Table of Contents
Model selection
Summary
Home Technology peripherals AI In the post-Sora era, how do CV practitioners choose models? Convolution or ViT, supervised learning or CLIP paradigm

In the post-Sora era, how do CV practitioners choose models? Convolution or ViT, supervised learning or CLIP paradigm

Feb 19, 2024 am 09:57 AM
Model Vision

ImageNet accuracy was once the main indicator for evaluating model performance, but in today's computational vision field, this indicator gradually appears to be incomplete.

As computer vision models have become more complex, the variety of available models has increased significantly, from ConvNets to Vision Transformers. Training methods have also evolved to self-supervised learning and image-text pair training like CLIP, and are no longer limited to supervised training on ImageNet.

Although the accuracy of ImageNet is an important indicator, it is not sufficient to fully evaluate the performance of the model. Different architectures, training methods, and data sets may cause models to perform differently on different tasks, so relying solely on ImageNet to judge models may have limitations. When a model overfits the ImageNet dataset and reaches saturation in accuracy, the model's generalization ability on other tasks may be overlooked. Therefore, multiple factors need to be considered to evaluate the performance and applicability of the model.

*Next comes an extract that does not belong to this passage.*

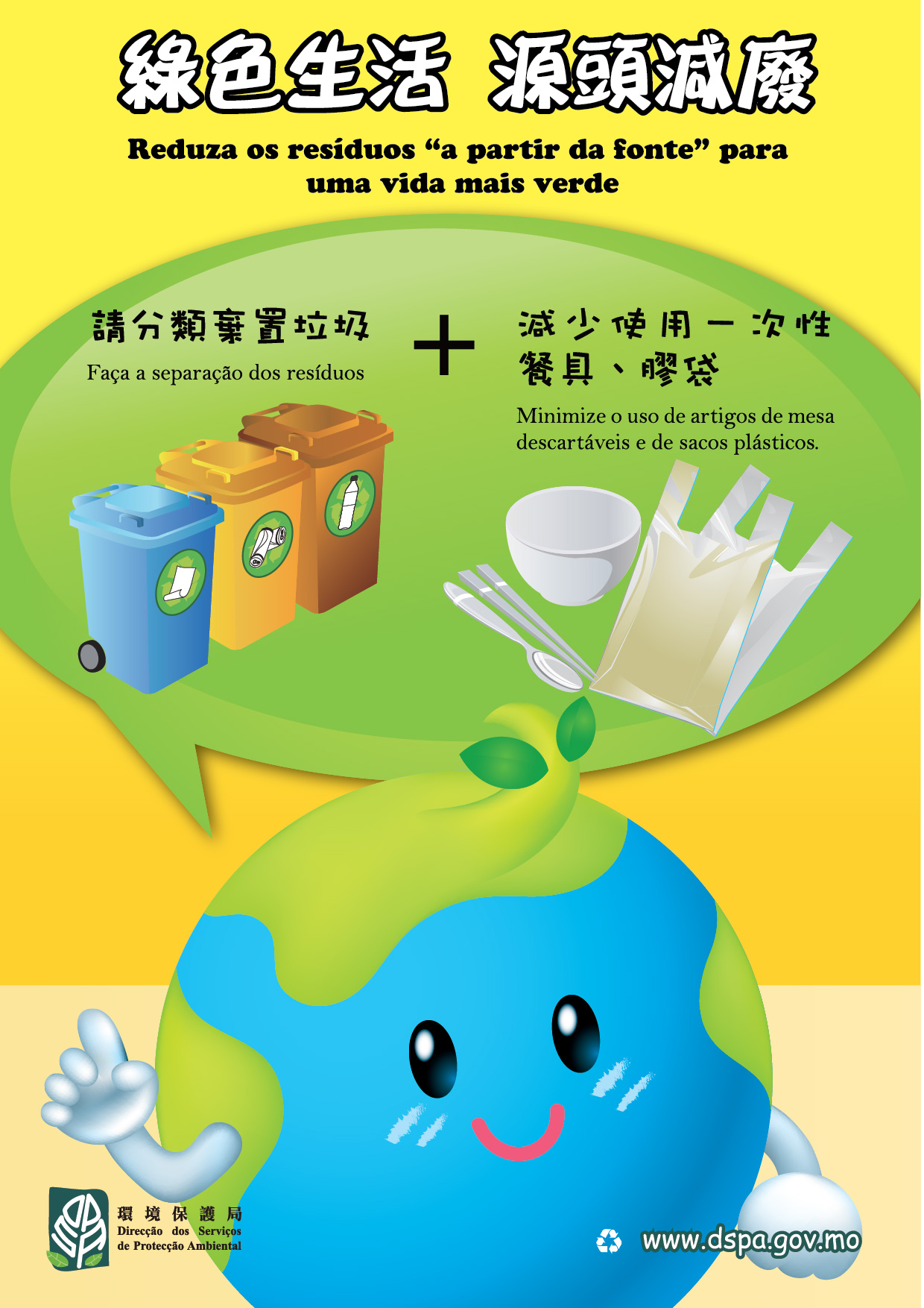 環境保護局為持續推動源頭減廢,提升市民環保意識,今年連續第三年與澳門餐飲業聯合商會合作推動「美食節減廢計劃」,於美食節現場設置攤位,以「地球先生及綠樹太太與您暢遊美食節」為主題,宣揚減廢訊息,提倡減少使用一次性餐具及膠袋,避免浪費食物等,並組織「綠色學校」學生及「環保Fun」義工,與「地球先生」及「綠樹太太」暢遊美食節。

Although CLIP's ImageNet accuracy is similar to ResNet, its visual encoder is more robust and transferable. This prompted researchers to explore the unique advantages of CLIP that were not apparent when considering only ImageNet metrics. This highlights the importance of analyzing other properties to help discover useful models.

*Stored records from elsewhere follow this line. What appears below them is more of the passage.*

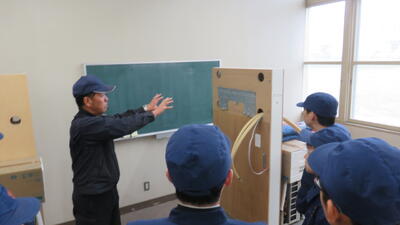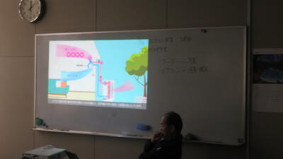 旭川市科学館サイパルでは施設内の空調シスステムの一部である駐車場の排雪を利用した雪冷房システムの見学をしました。大変貴重な見学となり生徒達は熱心にメモをとっていました。
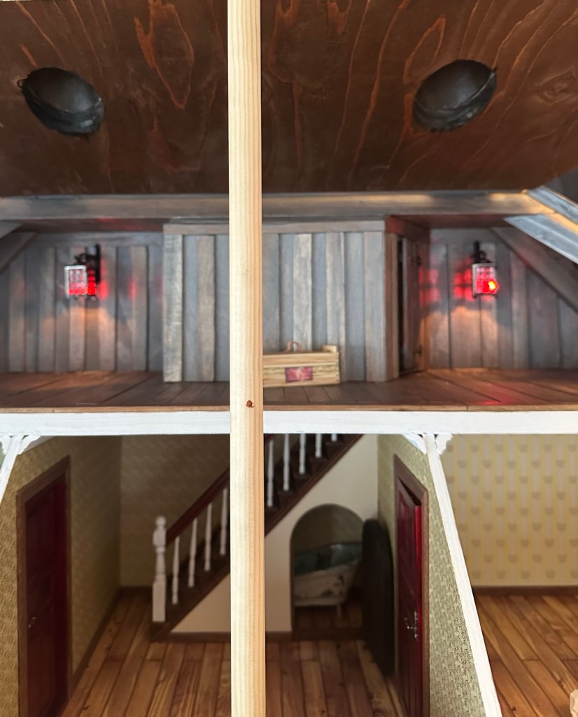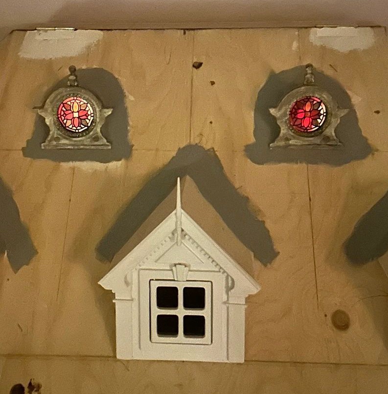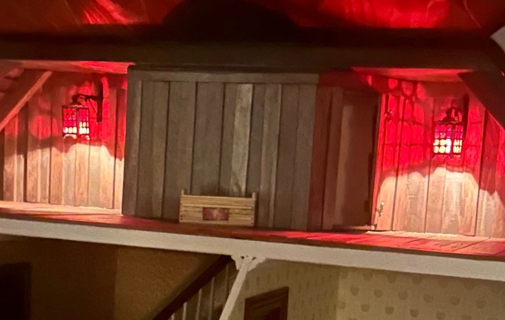 Köpte fina lanternor på Miniatyrskatt till vår vind. Maths har nu hängt upp dem o fixat med belysningen. Det var lite strul för det hade blivit fel på strömmen på vinden. Så han fick krångla innan han hittade felet. Men nu är det löst och de lyser så fint. Man kan även se hur fina vindskupornas fönster blir när det lyser på vinden.
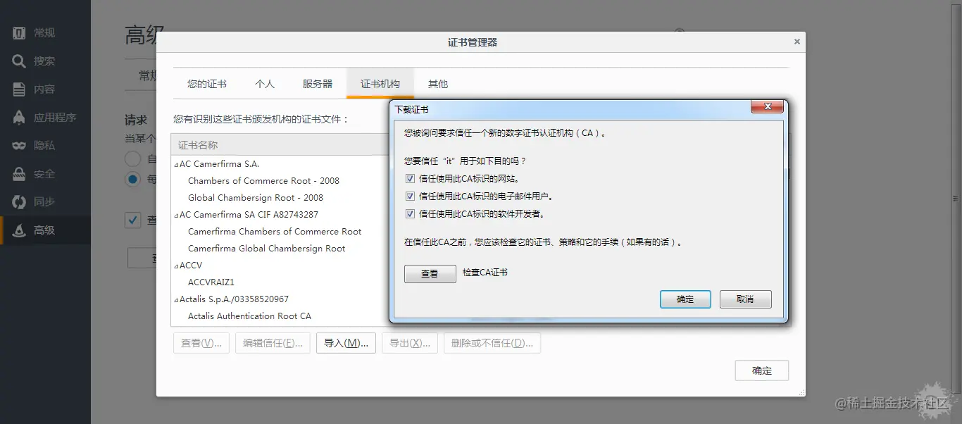 进入Firefox的设置里面,选择高级,然后选择证书机构,导入刚才下载的证书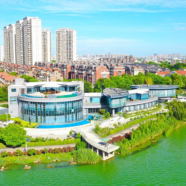 酒店位于风光秀美的苏州尹山湖畔,总建筑面积约1万㎡,依托于得天独厚的自然生态条件,潜心规划设计,让到访者O距离亲近213万㎡湖光水色,归心自然“慢”的度假氛围,它满分诠释!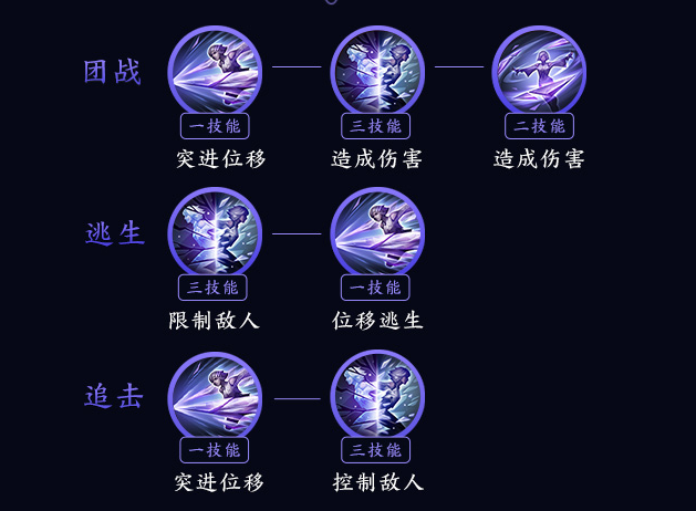 在连招方面,官方也是给出了3套,团战时候1技能切入,然后开启大招,2技能再继续打伤害,当然过程中肯定也要加一些普攻的,毕竟她可以幻化出镜子里的自己来形成双重打击嘛,而逃生的话就是开个大招就跑,看上去很合理但感觉有些浪费,很多时候还是节约一下大招的CD比较好,除非是那种被几个人追杀不开大招必死的情况。追击则是反过来了,1技能靠近之后大招控制,整体来说操作难度确实不算高。

Beyond this, traditional benchmarks cannot fully assess a model’s ability to handle real-world visual challenges, such as various camera angles, lighting conditions, or occlusions. Models trained on datasets such as ImageNet often find it difficult to leverage their performance in practical applications because real-world conditions and scenarios are more diverse.

These questions have brought new confusion to practitioners in the field: How to measure a visual model? And how to choose a visual model that suits your needs?

In a recent paper, researchers from MBZUAI and Meta conducted an in-depth discussion on this issue.

In the post-Sora era, how do CV practitioners choose models? Convolution or ViT, supervised learning or CLIP paradigm


  • Paper title: ConvNet vs Transformer, Supervised vs CLIP: Beyond ImageNet Accuracy
  • Paper link: https://arxiv.org/pdf/2311.09215.pdf

The research focuses on model behavior beyond ImageNet accuracy, analyzing the performance of major models in the field of computer vision, including ConvNeXt and Vision Transformer (ViT), which perform well in supervised and CLIP training paradigms lower performance.

The selected models have a similar number of parameters and almost the same accuracy on ImageNet-1K under each training paradigm, ensuring a fair comparison. The researchers deeply explored a series of model characteristics, such as prediction error type, generalization ability, invariance of learned representations, calibration, etc., focusing on the characteristics of the model without additional training or fine-tuning, hoping to directly References are provided by practitioners using pretrained models.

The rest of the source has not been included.